RESTRUCTURING: Asset sale not on cards for Bakrie Group

5 min read
Asia

(Reuters) - Indonesian mining-to-telecoms conglomerate Bakrie Group will negotiate with creditors to restructure part of its US$8bn debt rather than sell major assets, say people familiar with its strategy.

They say the group, which has gone through two financial crises since the 1990s, will opt for the tested approach of restructuring debt, even though the move risks frustrating increasingly impatient creditors.

Bakrie companies have missed principal or interest payments at least four times in the past two years, and creditors would prefer them to sell assets to raise funds faster.

Some creditors has sued one Bakrie company in New York, while a Jakarta supplier has asked an Indonesian court to supervise a debt restructuring. Other creditors of another Bakrie firm have refused a proposal to convert its debt into shares.

Companies from Japan, Malaysia and Indonesia had expressed interest in palm and rubber assets under Bakrie Sumatera Plantations, but the group wanted to keep them, said a source familiar with the Bakrie Group strategy, who declined to be named.

Another person close to the group said that, with debt levels as high as they were, “in a way you have to come up with a plan to restructure even if it’s a long-term game”.

Judgements in foreign courts were not enforceable in Indonesia, so foreign creditors would do better to leave Bakrie to work out its debt problems rather than try to enforce claims against it, said the second person.

The Bakrie Group has long carried a heavy debt load and creditors have been tolerant, in part because of generous yields and a belief that the companies could tap rich mining resources to come up with cash.

However, the coal business – pivotal for Bakrie – has been hard hit. The price of thermal coal is now about $65 a tonne, compared with a peak of nearly $195 in 2008, before Bakrie took on a lot of new debt to expand.

Achmad Bakrie founded the Bakrie Group in 1942 to trade commodities, such as cocoa and coffee, in Sumatra. Today, one of his sons leads the group. Aside from coal, Bakrie has expanded into oil and gas, plantations, property and other businesses, mainly through debt-funded acquisitions.

Ten Bakrie-linked listed companies had total debt of US$8.1bn as of June, with flagship coal miner Bumi Resources alone owing US$4.3bn, according to Thomson Reuters data.

When asked about the Bakrie Group’s strategy to service its debt, spokesman Christopher Fong said that companies associated with the group were independently managed and, in some cases, the Bakrie family did not hold a majority stake.

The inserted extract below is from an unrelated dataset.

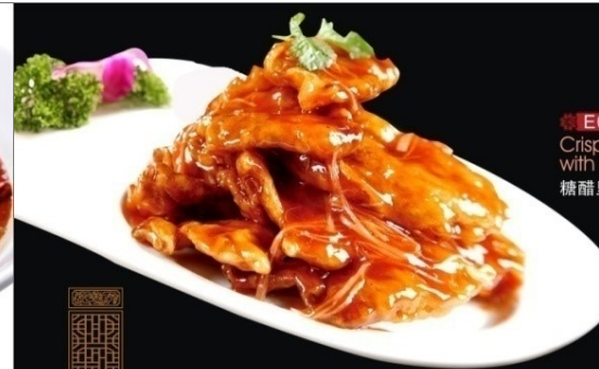
E001 Crispy Fried Pork Tenderloin with Sweet Vinegar 糖醋里脊 ¥ 9.50

Vegetarian All prices include VAT 餐牌價錢已包含VAT

“They are not under one umbrella and need to be viewed as standalone entities,” he said in an email. Bakrie saw coal prices rising above $80 next year and it maintained strong relationships with its banks, he added.

Three bondholders have sued Bakrie Telecom in a New York court and Indonesia’s Netwave Multi Media, one of Bakrie Telecom’s local vendors, has requested a court-supervised debt restructuring process in Jakarta.

Netwave was worried that the interests of several big, foreign creditors would be prioritised over others, Sandra Nangoy, a lawyer representing Netwave, told Reuters.

“We are not asking Bakrie Telecom to sell its assets right now, but Bakrie Telecom has to give certainty and guarantee that it will pay its debt,” she said.

Bakrie Telecom said on Tuesday it had received official notification from the Jakarta commercial court and it would “take the appropriate steps to respond…while paying attention to the interests of all our creditors and business sustainability.”

Earlier this month, Axis Bank, Credit Suisse, Deutsche Bank, UBS and China Development Bank declined Bumi’s proposal to exchange US$$275m of its debt for new shares. Bumi shares have lost more than half their value so far this year.

“I think investors are somewhat resigned to the fact that they are dependent on the company to initiate the next stage. Yes, the level of frustration is rising, but I think at this point investors have yet to organise themselves,” said a Bumi bondholder, who declined to be named due to the sensitivity of the matter.

Even after completing an agreed US$1.36bn debt-to-equity swap with China Investment Corp, Bumi would not have the internal capacity to fund more than US$1bn maturing over the next 18 months due to its weak liquidity and over-leveraged balance sheet, Moody’s Investors Service said in August.

Brian Grieser, senior analyst at Moody’s, said that Bumi had faced “the perfect storm of high-interest debt and a fall in coal prices.”

Some executives close to the Bakries believe that the group will be able to ride through its latest challenge.

“I do not have even the smallest doubt that they are managing this well, and will make a strong comeback,” said Indonesian coal-mining magnate Samin Tan, who bought the Bakries’ stake in Bumi PLC, now known as Asia Resource Minerals PLC. “History has proven this time and again.”